> **Task to carry out**: Once you find the line containing "فندق قصر الرياض" in the data below, copy it and each following line exactly, up to and including the line containing "Jednostopniowa, samossąca, odśrodkowa", and nothing else.

> **Data to examine**:
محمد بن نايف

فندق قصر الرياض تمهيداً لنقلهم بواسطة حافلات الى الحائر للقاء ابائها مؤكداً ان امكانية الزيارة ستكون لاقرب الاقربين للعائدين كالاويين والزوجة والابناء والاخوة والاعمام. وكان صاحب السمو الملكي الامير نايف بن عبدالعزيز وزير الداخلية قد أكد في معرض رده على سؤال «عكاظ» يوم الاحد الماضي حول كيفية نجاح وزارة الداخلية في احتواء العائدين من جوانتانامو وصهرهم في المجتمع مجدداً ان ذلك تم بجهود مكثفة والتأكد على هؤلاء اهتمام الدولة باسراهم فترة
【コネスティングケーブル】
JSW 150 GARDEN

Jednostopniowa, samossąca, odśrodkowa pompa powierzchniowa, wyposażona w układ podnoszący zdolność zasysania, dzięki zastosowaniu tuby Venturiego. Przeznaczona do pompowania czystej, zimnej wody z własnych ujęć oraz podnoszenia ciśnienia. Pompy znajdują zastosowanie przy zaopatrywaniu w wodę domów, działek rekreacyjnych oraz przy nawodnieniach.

---

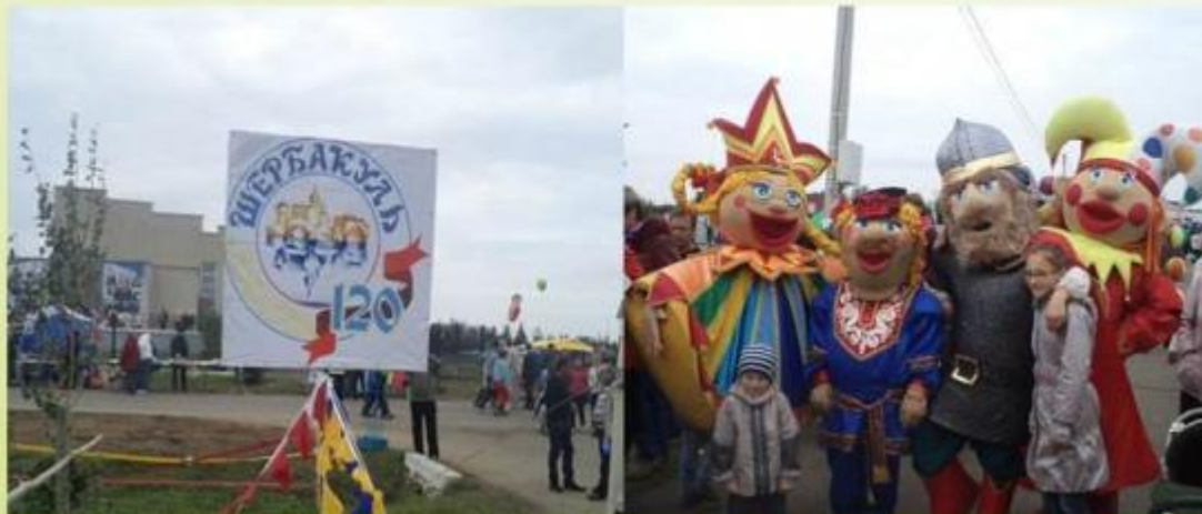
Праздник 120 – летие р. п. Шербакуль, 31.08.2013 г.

> **Solution**:
فندق قصر الرياض تمهيداً لنقلهم بواسطة حافلات الى الحائر للقاء ابائها مؤكداً ان امكانية الزيارة ستكون لاقرب الاقربين للعائدين كالاويين والزوجة والابناء والاخوة والاعمام. وكان صاحب السمو الملكي الامير نايف بن عبدالعزيز وزير الداخلية قد أكد في معرض رده على سؤال «عكاظ» يوم الاحد الماضي حول كيفية نجاح وزارة الداخلية في احتواء العائدين من جوانتانامو وصهرهم في المجتمع مجدداً ان ذلك تم بجهود مكثفة والتأكد على هؤلاء اهتمام الدولة باسراهم فترة
【コネスティングケーブル】
JSW 150 GARDEN

Jednostopniowa, samossąca, odśrodkowa pompa powierzchniowa, wyposażona w układ podnoszący zdolność zasysania, dzięki zastosowaniu tuby Venturiego. Przeznaczona do pompowania czystej, zimnej wody z własnych ujęć oraz podnoszenia ciśnienia. Pompy znajdują zastosowanie przy zaopatrywaniu w wodę domów, działek rekreacyjnych oraz przy nawodnieniach.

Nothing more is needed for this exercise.